Reputation: 180
Hi everyone I am currently trying to get some data from urls and then trying to predict what category should that article belong. So far I have done this but it has an error:
info = pd.read_csv('labeled_urls.tsv',sep='\t',header=None)
html, category = [], []
for i in info.index:
response = requests.get(info.iloc[i,0])
soup = BeautifulSoup(response.text, 'html.parser')
html.append([re.sub(r'<.*?>','',
str(soup.findAll(['p','h1','\href="/avtorji/'])))])
category.append(info.iloc[0,i])
data = pd.DataFrame()
data['html'] = html
data['category'] = category
And the error is this:
IndexError: single positional indexer is out-of-bounds.
Can someone help me please?
Upvotes: 0
Views: 1365
Reputation: 4521
You can avoid the iloc call and use iterrows
instead, and I think you would have to use loc
instead of iloc
because you were operating on the index, but using iloc
and loc
in loops is generally not that efficient. You can try the following code (with waiting time inserted):
import time
info = pd.read_csv('labeled_urls.tsv',sep='\t',header=None)
html, category = [], []
for i, row in info.iterrows():
url= row.iloc[0]
time.sleep(2.5) # wait 2.5 seconds
response = requests.get(url) # you can use row[columnname] instead here as well (i only use iloc, because I don't know the column names)

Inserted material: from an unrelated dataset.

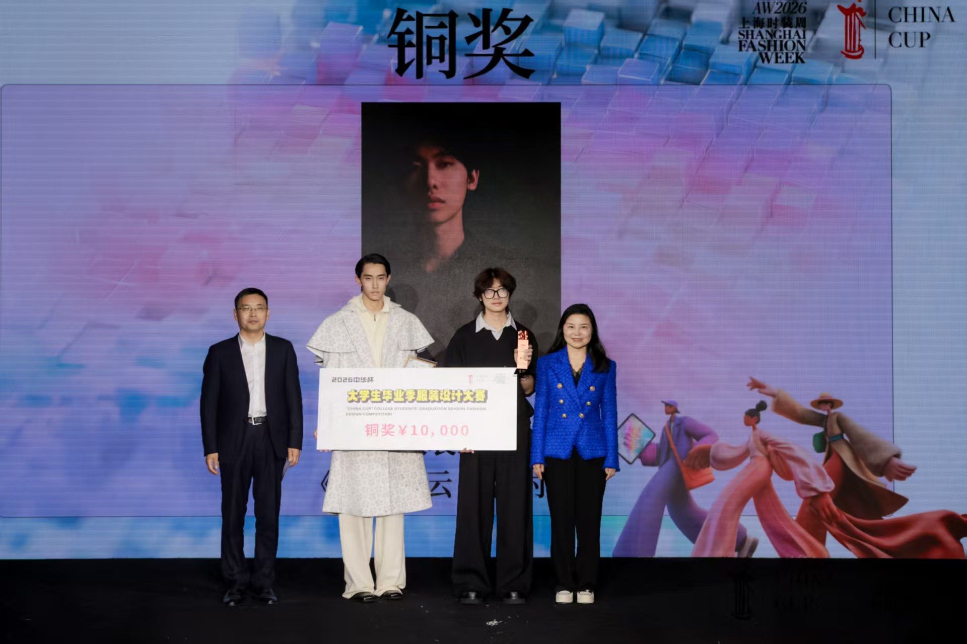 陕服新闻网讯(服装学院)3月27日,2026“中华杯”大学生毕业季服装设计大赛决赛暨颁奖典礼在上海永安百货盛大举行。我校服装学院学子孙铭麒凭借扎实的设计功底与创新的作品理念,从全国众多高校选手中脱颖而出,荣获铜奖,展现了我校服装与服饰设计专业的育人成果与人才培养质量。

soup = BeautifulSoup(response.text, 'html.parser')
html.append([re.sub(r'<.*?>','',
str(soup.findAll(['p','h1','\href="/avtorji/'])))])
# the following iloc was probably raising the error, because you access the ith column in the first row of your df
# category.append(info.iloc[0,i])
category.append(row.iloc[0]) # not sure which field you wanted to access here, you should also replace it by row['name']
data = pd.DataFrame()
data['html'] = html
data['category'] = category
In case you really only need the url in your loop, you replace:
for i, row in info.iterrows():
url= row.iloc[0]
By something like:
for url in info[put_the_name_of_the_url_column_here]: # or info.iloc[:,0] as proposed by serge
Upvotes: 1
Reputation: 148880
The error is likely to be caused by passing an index to iloc
: loc
expect index values and column names, while iloc
expect numerical position of rows and columns. Furthermore, you have interchanged row and column position for category
with category.append(info.iloc[0,i])
. So you should at least do:
for i in range(len(info)):
response = requests.get(info.iloc[i,0])
...
category.append(info.iloc[i,0])
But as you are trying to iterate the first column of a dataframe, above code is not Pythonic. It is better to directly use the column:
for url in info.loc[:, 0]:
response = requests.get(url)
...
category.append(url)
Upvotes: 1